Should sell like hotcakes!! :rockout:
Anyway, if Nvidia infringed on a patent that Rambus holds they should be called on the carpet for it, just like anyone else. While I do not necesssarily agree with the way the patent system in the US works, litigation is the only recourse a company has to protect their IP.
It's as if I decided to create a new plug, with 6 pins but that obviously still has nothing but +, - and ground, 2 of each (pointless yeah). Then after they give me that patent I decide to fill a lawsuit for anyone creating an adapter to plug their products into them. Anyone can come up to how to make an adapter, they don't need to spy my designs.
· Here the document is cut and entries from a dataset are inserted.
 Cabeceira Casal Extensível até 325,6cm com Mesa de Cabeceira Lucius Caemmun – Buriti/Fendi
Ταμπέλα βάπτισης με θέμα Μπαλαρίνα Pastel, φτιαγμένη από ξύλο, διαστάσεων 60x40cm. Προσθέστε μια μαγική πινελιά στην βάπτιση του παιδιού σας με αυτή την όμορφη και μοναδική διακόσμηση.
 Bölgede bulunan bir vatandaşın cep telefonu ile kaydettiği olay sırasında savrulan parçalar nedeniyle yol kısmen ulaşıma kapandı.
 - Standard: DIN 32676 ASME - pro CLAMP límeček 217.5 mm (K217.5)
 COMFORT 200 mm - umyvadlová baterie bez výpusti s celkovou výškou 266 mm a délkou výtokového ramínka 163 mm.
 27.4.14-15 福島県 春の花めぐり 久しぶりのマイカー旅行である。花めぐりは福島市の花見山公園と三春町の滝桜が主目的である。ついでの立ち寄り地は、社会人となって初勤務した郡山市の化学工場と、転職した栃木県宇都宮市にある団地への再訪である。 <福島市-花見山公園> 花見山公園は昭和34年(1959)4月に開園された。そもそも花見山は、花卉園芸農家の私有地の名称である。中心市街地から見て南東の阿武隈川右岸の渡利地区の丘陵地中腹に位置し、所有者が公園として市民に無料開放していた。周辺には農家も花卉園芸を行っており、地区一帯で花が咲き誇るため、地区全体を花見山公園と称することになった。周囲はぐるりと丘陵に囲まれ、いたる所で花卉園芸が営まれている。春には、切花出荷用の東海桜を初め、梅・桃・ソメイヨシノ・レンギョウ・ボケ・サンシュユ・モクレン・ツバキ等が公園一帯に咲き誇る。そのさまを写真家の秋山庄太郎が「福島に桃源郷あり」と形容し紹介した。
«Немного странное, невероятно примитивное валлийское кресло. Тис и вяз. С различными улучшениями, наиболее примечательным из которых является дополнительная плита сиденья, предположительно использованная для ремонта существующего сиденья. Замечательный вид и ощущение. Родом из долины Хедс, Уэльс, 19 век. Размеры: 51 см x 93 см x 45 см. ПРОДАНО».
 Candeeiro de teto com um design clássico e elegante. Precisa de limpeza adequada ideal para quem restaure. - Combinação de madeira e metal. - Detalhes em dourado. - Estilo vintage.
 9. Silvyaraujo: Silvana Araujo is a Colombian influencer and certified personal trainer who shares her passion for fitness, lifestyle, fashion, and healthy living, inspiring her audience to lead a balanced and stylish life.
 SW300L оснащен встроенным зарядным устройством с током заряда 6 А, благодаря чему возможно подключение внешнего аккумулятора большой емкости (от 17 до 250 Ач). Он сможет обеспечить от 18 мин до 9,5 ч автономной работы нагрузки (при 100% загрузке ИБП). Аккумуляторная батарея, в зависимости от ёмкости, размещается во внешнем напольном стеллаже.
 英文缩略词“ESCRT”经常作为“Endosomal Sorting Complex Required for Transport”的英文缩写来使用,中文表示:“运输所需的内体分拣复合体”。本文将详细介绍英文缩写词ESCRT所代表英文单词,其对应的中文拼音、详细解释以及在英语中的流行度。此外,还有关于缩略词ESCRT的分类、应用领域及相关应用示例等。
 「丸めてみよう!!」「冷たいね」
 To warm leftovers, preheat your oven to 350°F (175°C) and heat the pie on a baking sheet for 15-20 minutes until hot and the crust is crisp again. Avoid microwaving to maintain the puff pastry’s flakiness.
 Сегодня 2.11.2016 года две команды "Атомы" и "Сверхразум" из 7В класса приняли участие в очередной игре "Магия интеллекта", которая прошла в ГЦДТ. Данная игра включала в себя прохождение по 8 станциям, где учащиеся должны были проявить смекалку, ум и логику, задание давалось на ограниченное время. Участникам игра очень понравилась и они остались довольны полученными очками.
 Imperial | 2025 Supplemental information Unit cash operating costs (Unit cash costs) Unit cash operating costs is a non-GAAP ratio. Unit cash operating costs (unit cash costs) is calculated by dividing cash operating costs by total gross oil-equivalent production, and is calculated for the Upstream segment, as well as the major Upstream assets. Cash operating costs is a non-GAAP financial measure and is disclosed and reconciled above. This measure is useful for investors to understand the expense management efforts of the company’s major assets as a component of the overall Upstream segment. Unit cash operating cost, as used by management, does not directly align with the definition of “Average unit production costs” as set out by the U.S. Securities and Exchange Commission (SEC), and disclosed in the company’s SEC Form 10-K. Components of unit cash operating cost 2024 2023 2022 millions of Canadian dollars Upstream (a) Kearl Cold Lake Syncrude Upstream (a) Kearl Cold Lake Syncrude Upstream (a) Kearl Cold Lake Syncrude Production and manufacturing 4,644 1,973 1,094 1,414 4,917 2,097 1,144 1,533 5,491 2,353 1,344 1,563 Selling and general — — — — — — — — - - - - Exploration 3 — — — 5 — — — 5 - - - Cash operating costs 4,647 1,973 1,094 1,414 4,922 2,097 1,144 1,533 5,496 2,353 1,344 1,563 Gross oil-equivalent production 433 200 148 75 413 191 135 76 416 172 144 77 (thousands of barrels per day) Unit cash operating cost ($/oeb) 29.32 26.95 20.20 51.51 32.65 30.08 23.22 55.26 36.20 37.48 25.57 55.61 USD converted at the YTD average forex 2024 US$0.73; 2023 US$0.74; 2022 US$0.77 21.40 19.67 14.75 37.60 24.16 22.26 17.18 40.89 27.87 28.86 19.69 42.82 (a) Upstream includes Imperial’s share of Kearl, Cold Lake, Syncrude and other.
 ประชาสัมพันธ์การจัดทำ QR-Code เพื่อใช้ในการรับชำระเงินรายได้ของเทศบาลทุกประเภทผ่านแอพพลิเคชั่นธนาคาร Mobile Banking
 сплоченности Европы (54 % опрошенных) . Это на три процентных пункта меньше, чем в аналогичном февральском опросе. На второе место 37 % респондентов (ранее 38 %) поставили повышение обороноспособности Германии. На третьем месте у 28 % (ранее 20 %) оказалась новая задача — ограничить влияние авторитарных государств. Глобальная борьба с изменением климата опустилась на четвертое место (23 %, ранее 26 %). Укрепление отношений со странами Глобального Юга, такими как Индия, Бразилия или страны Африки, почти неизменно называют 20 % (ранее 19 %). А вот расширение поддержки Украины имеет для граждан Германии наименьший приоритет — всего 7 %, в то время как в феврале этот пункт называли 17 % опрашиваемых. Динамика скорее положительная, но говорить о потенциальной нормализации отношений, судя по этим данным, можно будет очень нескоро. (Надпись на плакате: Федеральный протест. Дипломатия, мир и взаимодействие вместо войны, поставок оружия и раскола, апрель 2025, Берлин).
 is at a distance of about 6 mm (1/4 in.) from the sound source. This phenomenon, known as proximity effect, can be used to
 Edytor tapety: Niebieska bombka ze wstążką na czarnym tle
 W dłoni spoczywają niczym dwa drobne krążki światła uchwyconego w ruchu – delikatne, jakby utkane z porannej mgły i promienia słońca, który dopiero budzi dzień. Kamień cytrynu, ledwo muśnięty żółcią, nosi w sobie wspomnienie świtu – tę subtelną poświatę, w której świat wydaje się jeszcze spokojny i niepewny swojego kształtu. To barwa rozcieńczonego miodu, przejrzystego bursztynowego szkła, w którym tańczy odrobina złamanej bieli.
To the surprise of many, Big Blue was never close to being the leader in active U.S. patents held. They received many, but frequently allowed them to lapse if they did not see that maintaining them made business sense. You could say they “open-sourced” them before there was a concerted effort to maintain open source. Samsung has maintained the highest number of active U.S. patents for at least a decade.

IMO in that case I should have the right to sue anyone using or creating my plug and not paying royalties, but not the adapter.
Translating to Rambus/Nvidia, Rambus should be able to fill a lawsuit against Nvidia if Nvidia didn't pay royalties for DDR memory usage, as that's what they use, but never for the memory controler as that is their own design.
"your memory architecture has a 10% likeness to my memory architecture... and we both use the word "memory", THIEF!"
nVidia should just let this go to court, then drag it out with their deep-pocketed lawyers until RAMBUS can't afford to operate anymore.
someone needs to swat this mosquito.
It really does look like NV is taking hit after hit though, it's starting to get ridiculous how much ground they've lost in the past few months.
If you let Rambus lawyers go the logical next step: they will sue you for royalties on any documents you write using software that RUNS in their memory, since it is using it. :shadedshu
And video/media players. And media content.
And games.
And pay per view for web content downloaded into memory.
And BIOS firmware for "writing zeros" to the memory at boot.
Can you imagine the lawsuit. "No, you cant write zeros to our memory without a license". Where will it end?